> PROBLEM DETAILS
From the data below, return the exact lines starting at the line containing "JODIE proposes a" and ending at the line containing "Kolektif Prontaxan dari", both included, and nothing else.
== RECORDED DATA
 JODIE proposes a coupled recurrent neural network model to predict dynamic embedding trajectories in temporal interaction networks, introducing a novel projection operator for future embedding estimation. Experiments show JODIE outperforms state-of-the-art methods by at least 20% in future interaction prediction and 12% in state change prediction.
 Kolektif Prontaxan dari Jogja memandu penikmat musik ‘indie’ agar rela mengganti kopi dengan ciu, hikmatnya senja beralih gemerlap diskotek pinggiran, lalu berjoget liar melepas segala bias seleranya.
====
== RECORDED DATA
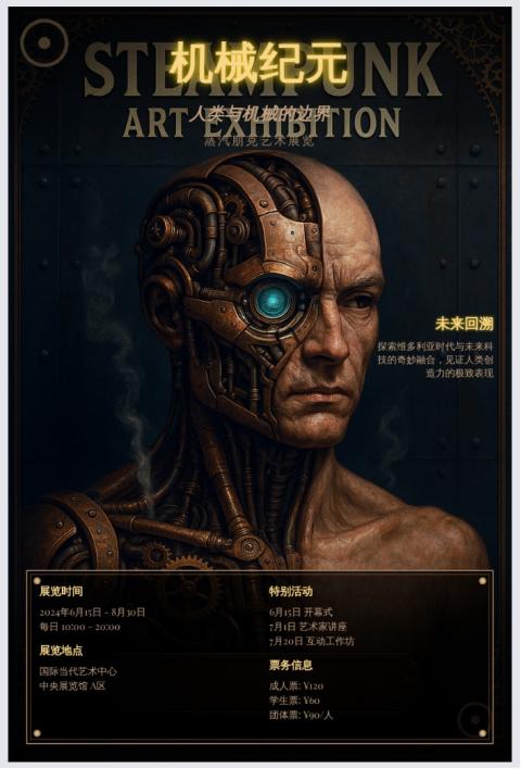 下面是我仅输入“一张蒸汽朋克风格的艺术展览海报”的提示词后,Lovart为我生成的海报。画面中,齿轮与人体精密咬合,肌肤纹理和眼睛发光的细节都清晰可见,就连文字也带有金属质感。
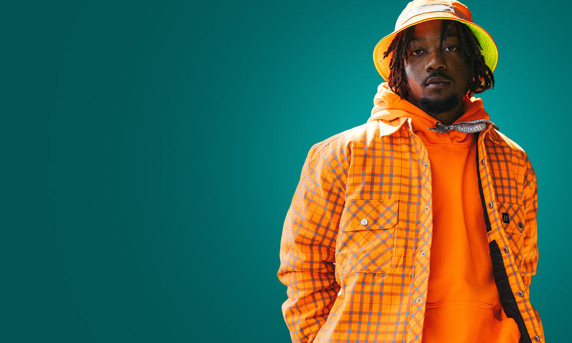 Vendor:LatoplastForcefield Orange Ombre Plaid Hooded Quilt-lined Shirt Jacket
====
== RECORDED DATA
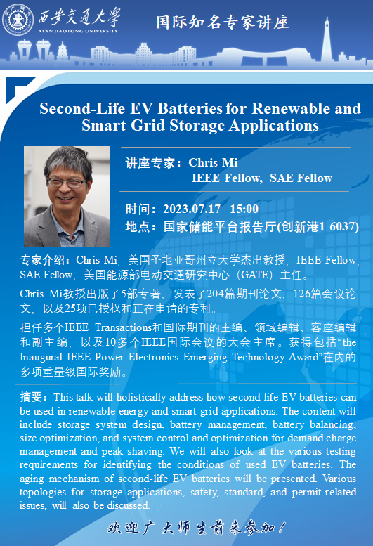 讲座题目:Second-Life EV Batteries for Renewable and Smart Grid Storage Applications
====
> RESULT FOR THIS TASK
 JODIE proposes a coupled recurrent neural network model to predict dynamic embedding trajectories in temporal interaction networks, introducing a novel projection operator for future embedding estimation. Experiments show JODIE outperforms state-of-the-art methods by at least 20% in future interaction prediction and 12% in state change prediction.
 Kolektif Prontaxan dari Jogja memandu penikmat musik ‘indie’ agar rela mengganti kopi dengan ciu, hikmatnya senja beralih gemerlap diskotek pinggiran, lalu berjoget liar melepas segala bias seleranya.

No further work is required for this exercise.